In a year of level funding and cuts, the city’s budgeting for its sewers has increased by almost 72% to over $816,000. Tyer says the jump is related to the implementation of her plan to carry out long awaited EPA mandated improvements to the city’s wastewater plant.

“There are probably other elements to the Enterprise funds related to smaller projects that might be required to be accomplished during this next construction year,” she said.

The mayor says the city can expect to see other areas bolstered during the COVID-19 era, like the Department of Public Health.

“We brought in three public health nurses to help us with monitoring the virus and to help us with contact tracing, and now that we’ve moved into testing," said Tyer. "However, we’ve been provided some funding from the state to cover those expenses.”

The COVID-19 crisis also means city spending on projects like the transformation of the St.
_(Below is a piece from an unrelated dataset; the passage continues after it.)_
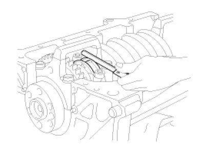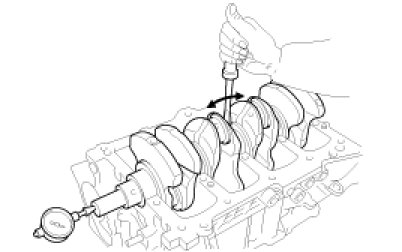 Using a dial indicator, measure the thrust clearance while prying the crankshaft back and forth with a screwdriver.

Joseph High School building into a homeless shelter will continue throughout the year.

“As we move into the next fiscal year, what we will probably be focusing on is that we have the proper PPE for our employees, that we have the proper cleaning and disinfecting supplies and materials and labor for all of our city buildings,” said the mayor.

While the new fiscal year begins on July 1st, Tyer says any budget that passes will likely require tinkering.

“We do anticipate that during the summer and fall we may be hearing more bad news from the state with regard to the state’s economy, so we may have to go back to the city council and amend the budget," she said. "And we can do that any time before the city council sets the tax rate.”

Along with Tyer’s budget proposal, the council will also consider a plan to use $750,000 in free cash to lower the city’s 2021 tax rates. The budget hearings on June 2nd and June 4th will also serve as public meetings for Pittsfielders to weigh in on the spending plan.